Please copy the data below exactly; none of the pictures in it belong in the copy.

---- Entries supplied

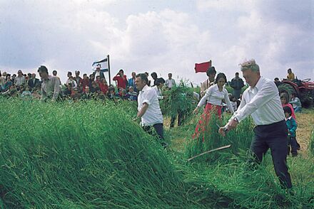 טקס קציר העומר - בוצע לראשונה בנחאביר, בערב פסח, תש"ח (1948). הטקס חודש בבארי בשנת תש"י (1950) וקוים מדי שנה, ביום שלפני ליל הסדר, עד אמצע שנות ה–60. מאז חלו הפסקות בקיום הטקס. בשנים 1974 עד 1977 בוצע טקס העומר ע"י בני ה"חטיבה". ב–1986 חודש טקס העומר ע"י ניר אילן ומאז מתבצע ברציפות עד היום. בטקס - מסכת קריאה מפרי עטו של אנדד אלדן, מלווה בשירה ובהופעות מחול. הטקס נערך על במה בפאת שדה תבואה ובסיומו, נקצר העומר בחרמשים, נאלם לאלומות בידי המאלמות ומובל בסך לחדר-האכילה, לטקס הבאת העומר, הפותח את ליל הסדר של פסח.
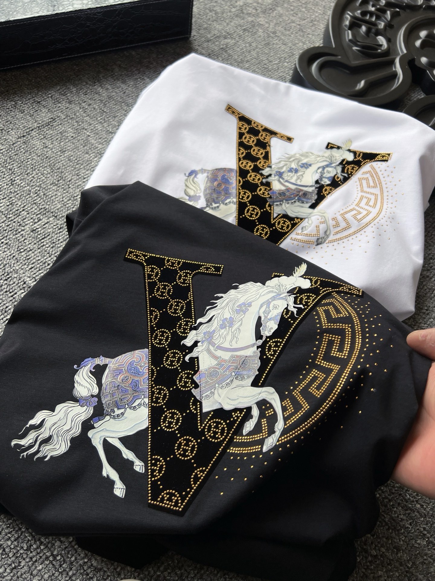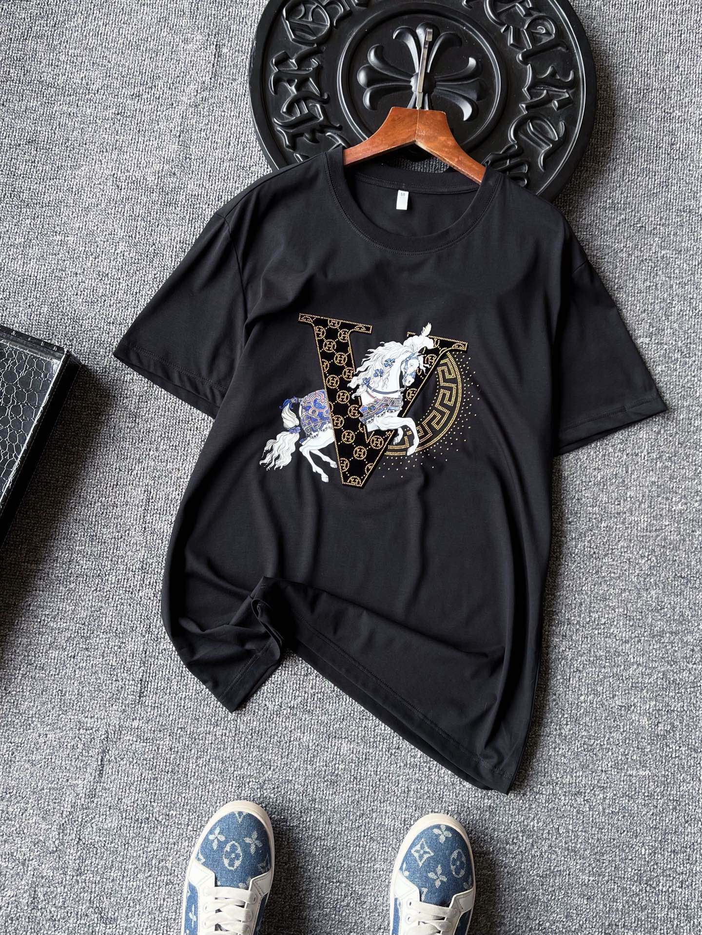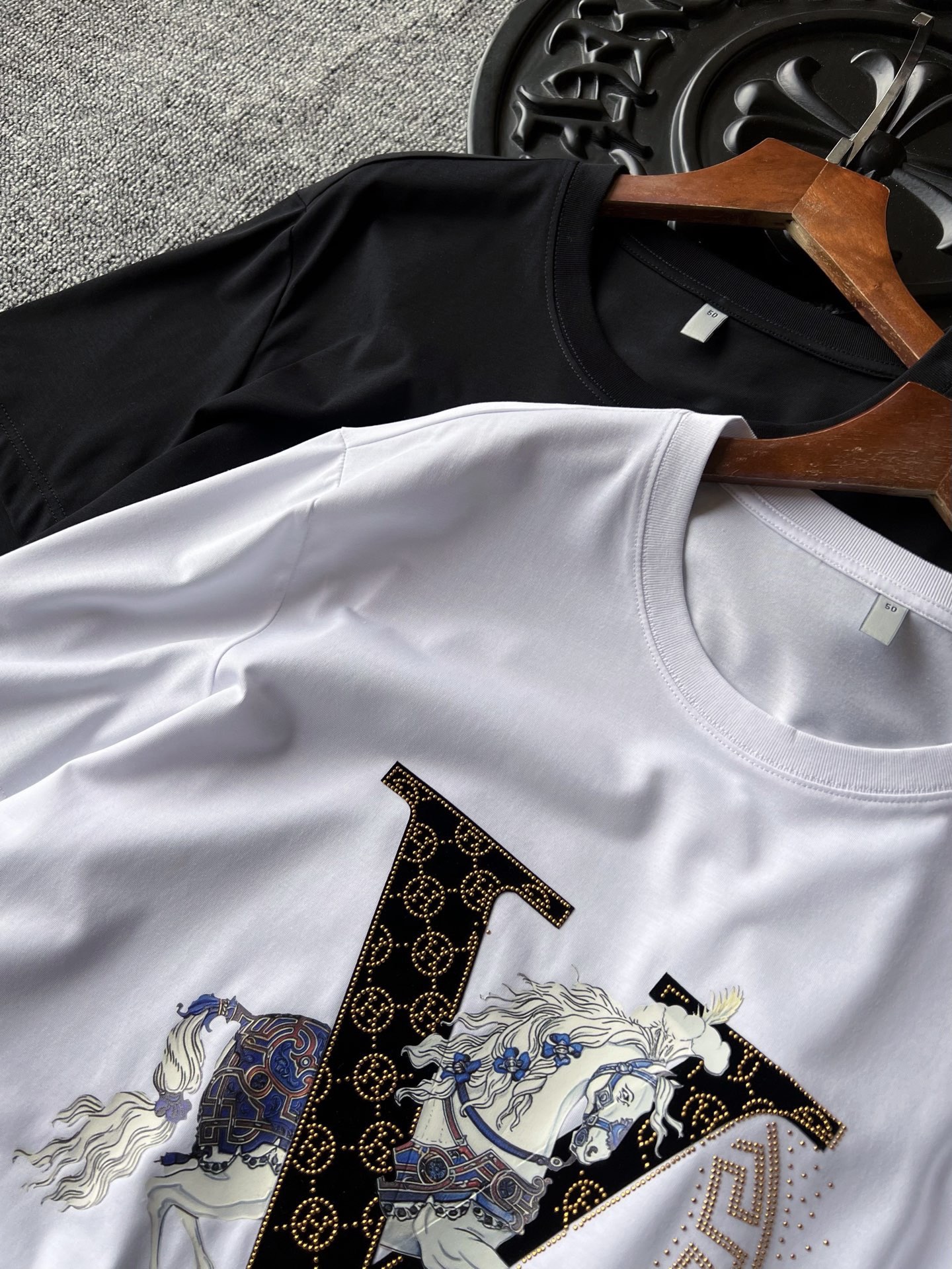 细节细节再细节 Hermes家流量爆款双色T恤 4道组合重工工序 胸前植绒V标镶嵌爱马仕H金钻小标 彩标白马贯穿布局 右侧半弧形欧货金钻细节配合喷墨式细钻点缀 整体十分精致 双本针领口精湛做工 无可挑剔
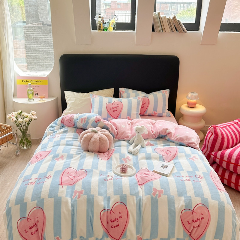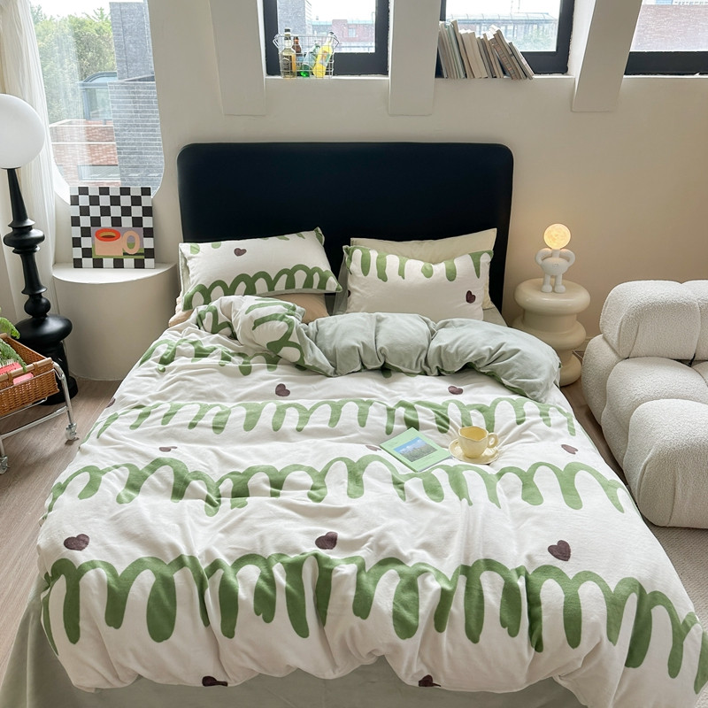 (总)柚子YOUTH 225新款全棉双层纱球球款四件套,薄荷绿条,波点霉霉,波点小丑,蓝心,芊芊结,碎花点点
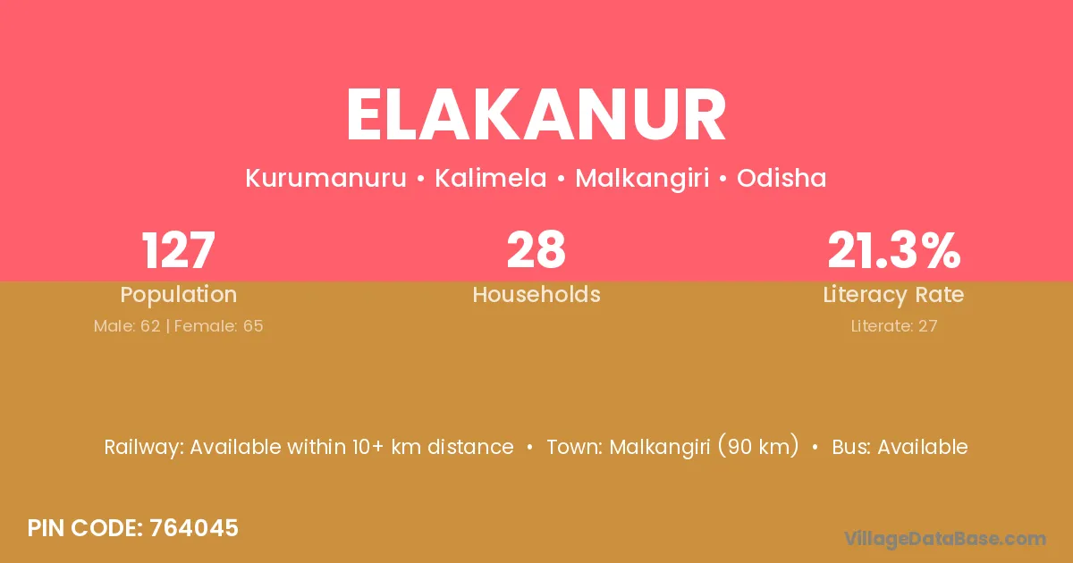 Malkangiri (90 km) is the nearest town to Elakanur village for major economic activities and is located approximately 90 km away.
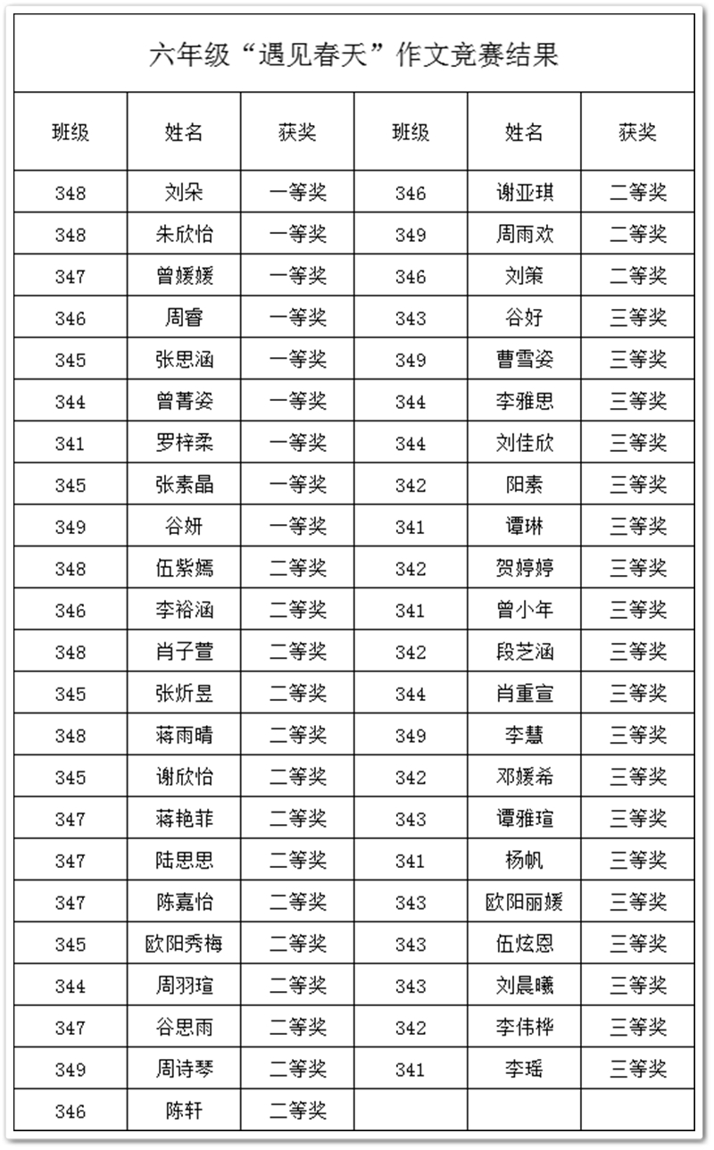 比赛结束后本年级的语文教师集中评比。按照现场作文竞赛方案要求,经过老师们认真审评,评出一等奖9名,二等奖17名,三等奖19名,并发放荣誉证书及奖励。获奖名单如下:
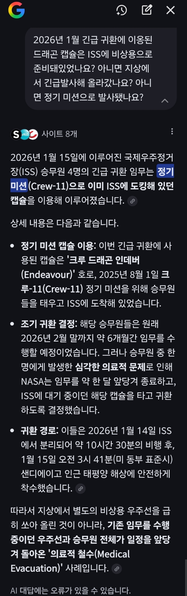2026.1. 스페이스X 크루 드래곤 캡슐을 이용한 국제우주정거장(ISS) 승무원 4명의 긴급 귀환 기사, ai챗봇 문답 본문

--------

### Result of this exercise
 טקס קציר העומר - בוצע לראשונה בנחאביר, בערב פסח, תש"ח (1948). הטקס חודש בבארי בשנת תש"י (1950) וקוים מדי שנה, ביום שלפני ליל הסדר, עד אמצע שנות ה–60. מאז חלו הפסקות בקיום הטקס. בשנים 1974 עד 1977 בוצע טקס העומר ע"י בני ה"חטיבה". ב–1986 חודש טקס העומר ע"י ניר אילן ומאז מתבצע ברציפות עד היום. בטקס - מסכת קריאה מפרי עטו של אנדד אלדן, מלווה בשירה ובהופעות מחול. הטקס נערך על במה בפאת שדה תבואה ובסיומו, נקצר העומר בחרמשים, נאלם לאלומות בידי המאלמות ומובל בסך לחדר-האכילה, לטקס הבאת העומר, הפותח את ליל הסדר של פסח.
 细节细节再细节 Hermes家流量爆款双色T恤 4道组合重工工序 胸前植绒V标镶嵌爱马仕H金钻小标 彩标白马贯穿布局 右侧半弧形欧货金钻细节配合喷墨式细钻点缀 整体十分精致 双本针领口精湛做工 无可挑剔
 (总)柚子YOUTH 225新款全棉双层纱球球款四件套,薄荷绿条,波点霉霉,波点小丑,蓝心,芊芊结,碎花点点
 Malkangiri (90 km) is the nearest town to Elakanur village for major economic activities and is located approximately 90 km away.
 比赛结束后本年级的语文教师集中评比。按照现场作文竞赛方案要求,经过老师们认真审评,评出一等奖9名,二等奖17名,三等奖19名,并发放荣誉证书及奖励。获奖名单如下:
2026.1. 스페이스X 크루 드래곤 캡슐을 이용한 국제우주정거장(ISS) 승무원 4명의 긴급 귀환 기사, ai챗봇 문답 본문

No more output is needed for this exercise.